> [Task instructions]: If a record holds a picture, omit that picture and copy everything else exactly.

> [Supplied records]:
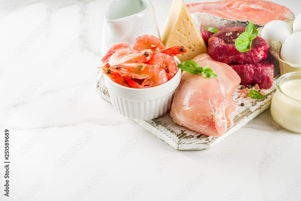 Assortment of natural sources of protein from food: meat, fish, chicken ...
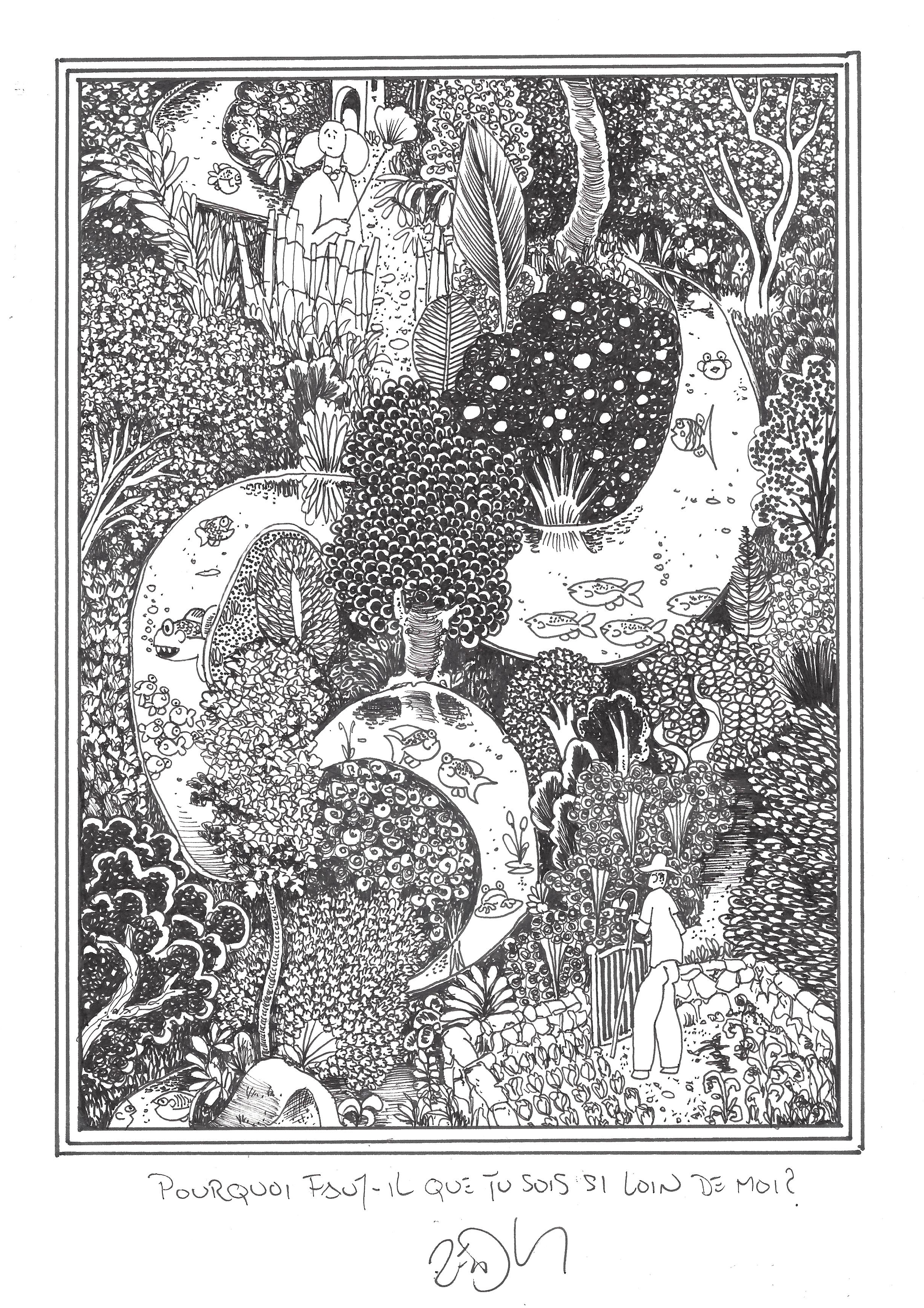 Drawing of the Day – 2974 – Dessin du jour « Why must you be so far from me ? – Pourquoi faut-il que tu sois si loin de moi ? » Ink on Paper – 8 x 12″ (21 x 30 cm) – Encre sur Papier
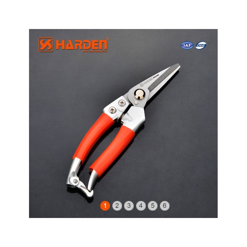 Tesoura de poda de frutas com lâminas em aço inoxidável, cabos em liga de zinco e revestimento em PVC.
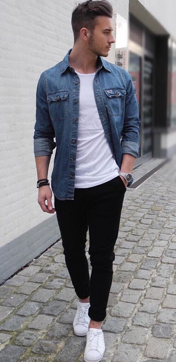 This outfit is very simple but perfect looking style pair a white T-shirt with a blue denim shirt and black denim jeans one thing here wear dark blue denim shirt otherwise it will not go with white t-shirt wearing white shoes to perfect this look wear one or two accessories like bracelets and watch
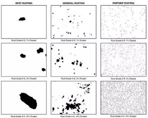S Spot Rusting 幾個大片腐蝕 G General Rusting 尺寸有大有小的腐蝕 P Pinpoint Rusting 微小的點蝕 H Hybrid Rusting 幾種形態(tài)的混合腐蝕 圖示如下:
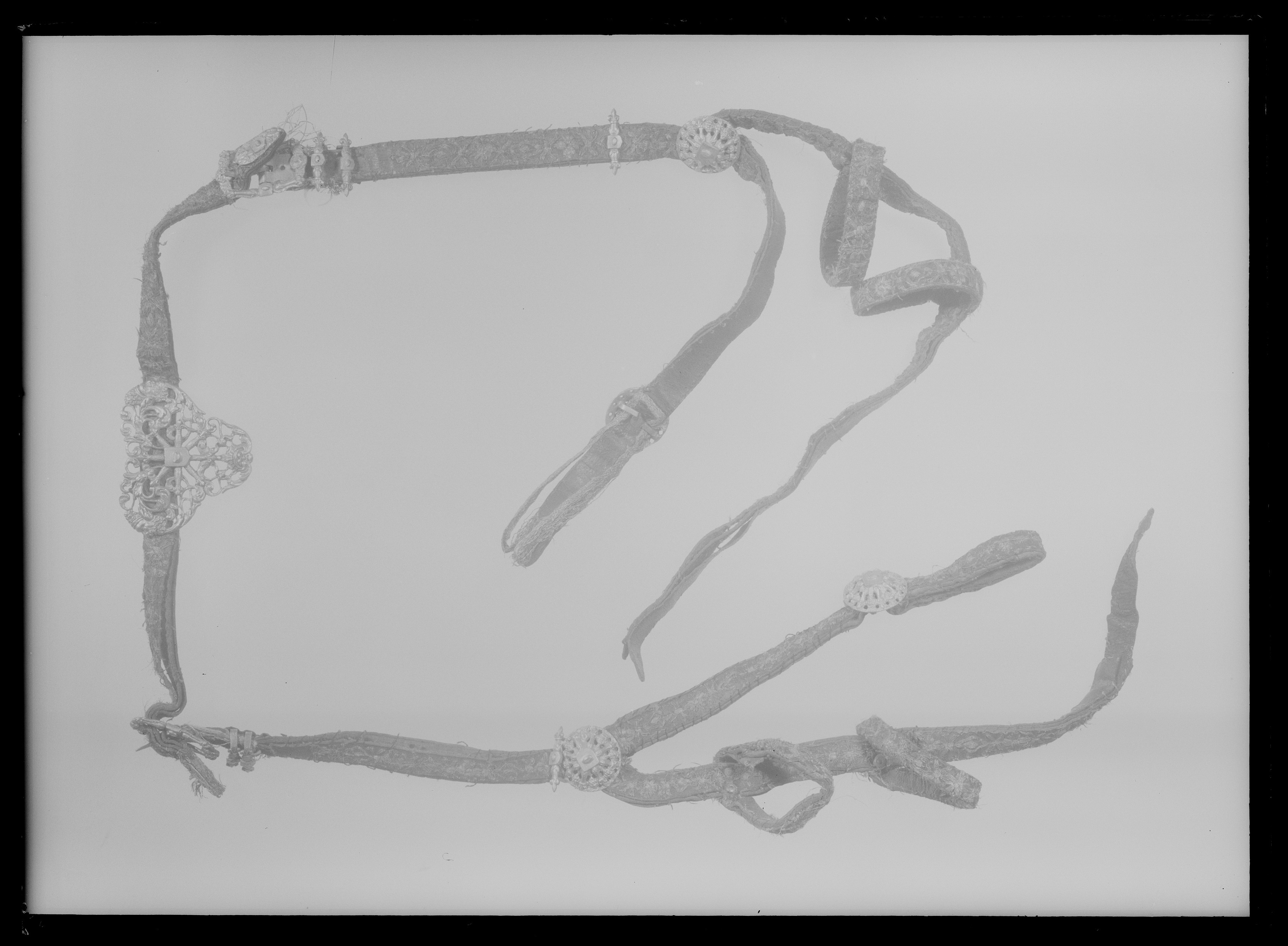 Hufwudstället och Tygelnäro af rödt saffian stickadt med guld samt guldgalon omkring; beslaget består i 50 (överstruket, tillskrivet 51) pucklor ohc söljor af förgyldt drifvet silfver samt 6 kedjor af dito för pannan.

> [Result of the exercise]:
 Assortment of natural sources of protein from food: meat, fish, chicken ...
 Drawing of the Day – 2974 – Dessin du jour « Why must you be so far from me ? – Pourquoi faut-il que tu sois si loin de moi ? » Ink on Paper – 8 x 12″ (21 x 30 cm) – Encre sur Papier
 Tesoura de poda de frutas com lâminas em aço inoxidável, cabos em liga de zinco e revestimento em PVC.
 This outfit is very simple but perfect looking style pair a white T-shirt with a blue denim shirt and black denim jeans one thing here wear dark blue denim shirt otherwise it will not go with white t-shirt wearing white shoes to perfect this look wear one or two accessories like bracelets and watch
S Spot Rusting 幾個大片腐蝕 G General Rusting 尺寸有大有小的腐蝕 P Pinpoint Rusting 微小的點蝕 H Hybrid Rusting 幾種形態(tài)的混合腐蝕 圖示如下:
 Hufwudstället och Tygelnäro af rödt saffian stickadt med guld samt guldgalon omkring; beslaget består i 50 (överstruket, tillskrivet 51) pucklor ohc söljor af förgyldt drifvet silfver samt 6 kedjor af dito för pannan.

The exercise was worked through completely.